While some countries in the EU made some steps at least to pinkwash their way into politics, there are exceptions that are not even trying. The EU that has little power to enforce its own so-called constitutional principles, and closes its eyes to member countries that still today practice policies of active discrimination against homosexuality, bisexuality and transgender people, such as Poland, where anti-LGBT zones have been created in the name of a “moral non-corruption of children”, or Hungary where the rights, for example the right to spread information about LGBT rights, fundamental for the non-stigmatisation of LGBT communities, was limited in 2021.
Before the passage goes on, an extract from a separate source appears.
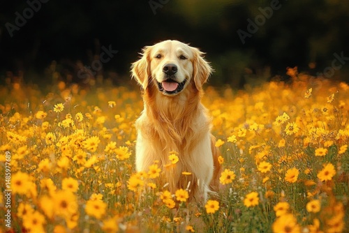 dog, golden retriever, yellow flower, wildflower, flower field, nature, sunlight, golden hour, summer, pet, canino, animal, grass, sunny, warm, bright, cheerful, joyful, closeup, portrait, friendly, companion, spring, seasonal, natural light, playful, beautiful, scenic, pastoral, animal portrait

These two countries are just two examples of the practices, with assumed policies or not, that exist in several countries against the freedom to live one’s sexual orientation or gender identity, which continues to be seen as a deviation from a standard (which doesn’t exist), a behaviour that is possible to “correct”, a choice that can be changed with a kind of intellectual, religious or moral persuasion. Apparently, we are not that far away from the 1990s and it seems that in these 23 years, despite more and more people embracing their sexual orientation and gender identity, and having more tools to fight discrimination in their daily lives. Unfortunately, the installed power structures maintain the cisgender nuclear family as a desirable model. 

On this International Day against homophobia, biphobia and transphobia, we wish that all people, everywhere in Europe and on the planet, can express their sexual orientation and gender identity in complete freedom and without any discrimination; that they can identify it from an early age – because they have access to information – and that they don’t feel any pressure to hide it; that they can assume their sexual orientation and gender identity at home, at school, at work, in the street, without restrictions. That they can be truly free.

Therefore, it is clear: we need to recreate this system for all of us. One based on solidarity, instead of bigotry; and one based on cooperation, instead of competition. Societal progress is measured by the quality life of the most unprivileged individuals. One struggle – one fight, until all of us are free.